> **PROBLEM TO SOLVE**:
Only one stretch of the data below should be repeated: the lines from the line containing "To access your" through the line containing "Exilium - 1.", inclusive, exactly as they are.

(EXERCISE INPUTS)

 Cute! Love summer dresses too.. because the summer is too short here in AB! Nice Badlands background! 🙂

(End EXERCISE INPUTS)
(EXERCISE INPUTS)

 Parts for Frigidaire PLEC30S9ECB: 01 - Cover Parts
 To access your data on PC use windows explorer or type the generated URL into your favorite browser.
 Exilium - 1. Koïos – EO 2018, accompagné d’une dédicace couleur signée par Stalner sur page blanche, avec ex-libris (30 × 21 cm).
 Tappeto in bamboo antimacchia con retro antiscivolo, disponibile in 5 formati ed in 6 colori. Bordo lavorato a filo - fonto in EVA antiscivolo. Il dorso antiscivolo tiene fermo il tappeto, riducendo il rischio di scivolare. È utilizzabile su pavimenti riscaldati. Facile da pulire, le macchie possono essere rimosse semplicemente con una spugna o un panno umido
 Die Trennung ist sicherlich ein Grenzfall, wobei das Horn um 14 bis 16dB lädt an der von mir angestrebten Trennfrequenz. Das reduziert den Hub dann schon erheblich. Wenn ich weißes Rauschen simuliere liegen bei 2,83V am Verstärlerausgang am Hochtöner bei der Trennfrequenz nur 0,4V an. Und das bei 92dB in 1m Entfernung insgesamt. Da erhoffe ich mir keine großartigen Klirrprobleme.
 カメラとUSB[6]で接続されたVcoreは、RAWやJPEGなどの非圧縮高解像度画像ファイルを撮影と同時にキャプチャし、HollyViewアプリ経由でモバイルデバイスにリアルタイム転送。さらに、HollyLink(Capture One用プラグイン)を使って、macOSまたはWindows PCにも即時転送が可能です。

(End EXERCISE INPUTS)

> **RESPONSE TO THIS TASK**:
 To access your data on PC use windows explorer or type the generated URL into your favorite browser.
 Exilium - 1. Koïos – EO 2018, accompagné d’une dédicace couleur signée par Stalner sur page blanche, avec ex-libris (30 × 21 cm).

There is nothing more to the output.